En 1887, Mockel le met en rapport avec les membres actifs de la revue –
ceux-ci vivaient sous le charme des préraphaélites anglais, de Gustave
Moreau et d’Odilon Redon – et Donnay de dessiner cette belle figure de
femme, entourée de chardons et de lys, qui ornera bientôt la couverture de
la revue.
Sa vie durant,
celui qui réalisa Terre wallonne, œuvre achetée par l’État belge en
1902, illustrera par des dessins et des vignettes, qui sont de pures
merveilles de simplicité et d’émotion, les revues et les écrits de ses amis
poètes et romanciers. Dès le premier numéro de la revue en 1893, Auguste
Donnay apporte sa contribution à Wallonia. En 1897, il donne quelques
dessins au journal La Réforme, des frères Chainaye. En décidant, en
1905, de s’installer à Méry-sur-Ourthe, Donnay retrouve la nature qui parle
à son âme. Le silence des paysages enneigés, la lumière frisante d’un
crépuscule ou le frémissement des feuillages printaniers, conviennent pour
exprimer la tendresse infinie d’un homme qui est en communion profonde avec
sa terre, sa “ géologie élémentaire ”.
Nombreuses ont été
les participations d’Auguste Donnay aux manifestations artistiques de son
temps. Ainsi, en 1894, il figure au premier salon de la Libre esthétique et,
en compagnie de Levêque et Delville, aux expositions du groupe ésotérique
Kumris. En 1896, l’artiste accroche ses œuvres à Paris, au salon de L’Art
indépendant. Elles voisinent celles de Rops, Redon, Denis, Berchmans et
Rassenfosse. Ses œuvres seront montrées à Venise, en France, en
Grande-Bretagne et en Suède. Les artistes de l’École de Verviers, Pirenne,
Lebrun, Derchain et Delcour, se diront disciples du Maître de Méry.

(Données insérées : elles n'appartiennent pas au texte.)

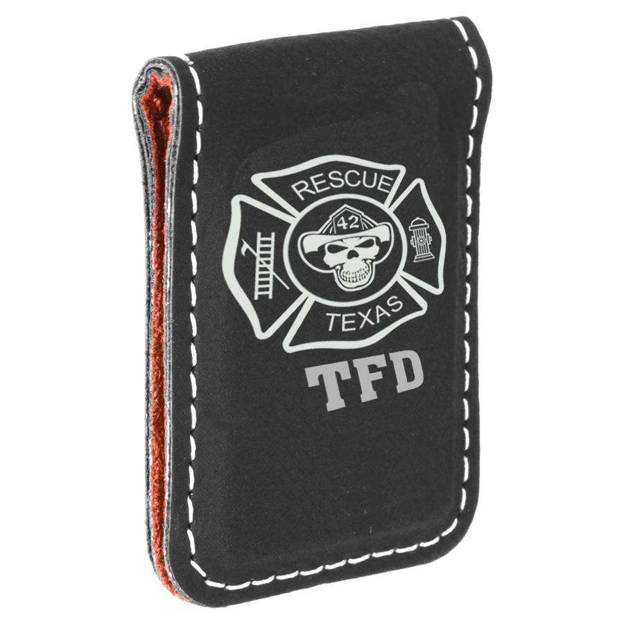 Hold your money with this fashionable money clip. Your fire department initials go on the bottom as well as the text you choose for the top and bottom of the maltese.

Nombreuses sont les affinités qui lient ces peintres intimistes.
En 1907, Maurice
des Ombiaux consacre une étude à quatre grandes figures liégeoises :
Rassenfosse, Maréchal, Berchmans et Donnay. Le peintre a été nommé
professeur à l’Académie des Beaux-Arts de Liège où il inaugure en 1901, un
cours de composition ornementale. Interrogé sur la suppression de
l’université française de Gand, l’artiste s’indigne de la mise en cause de
la langue française, langue internationale par excellence et ridiculise les
patois flamands (1911). De 1912 à 1914, il participe au projet de faire de
l’église romane d’Hastière un centre de l’Art wallon. Il y réalise son
fameux triptyque de Saint-Walhère. Mais la Première Guerre mondiale va le
blesser intimement et cet être, trop sensible, trop fragile, mettra fin à
ses jours le 18 juillet 1921.
En 1922, Liège
organisa une grande rétrospective, une salle du Musée des Beaux-Arts portera
son nom. Albert Mockel publiera Auguste Donnay - Souvenirs et réflexions
et Maurice Kunel, en 1923, lui rendra hommage par une monographie
Auguste Donnay, peintre de Wallonie. Le Musée de l’Art wallon, à
l’occasion de la parution de l’ouvrage de Jacques Parisse, Auguste Donnay
un visage de la terre wallonne, lui a consacré une belle rétrospective
où les œuvres peintes, les aquarelles, les dessins, les illustrations de
l’artiste furent, à nouveau, offertes au regard de ceux qui savent percevoir
l’intense ferveur du maître du silence.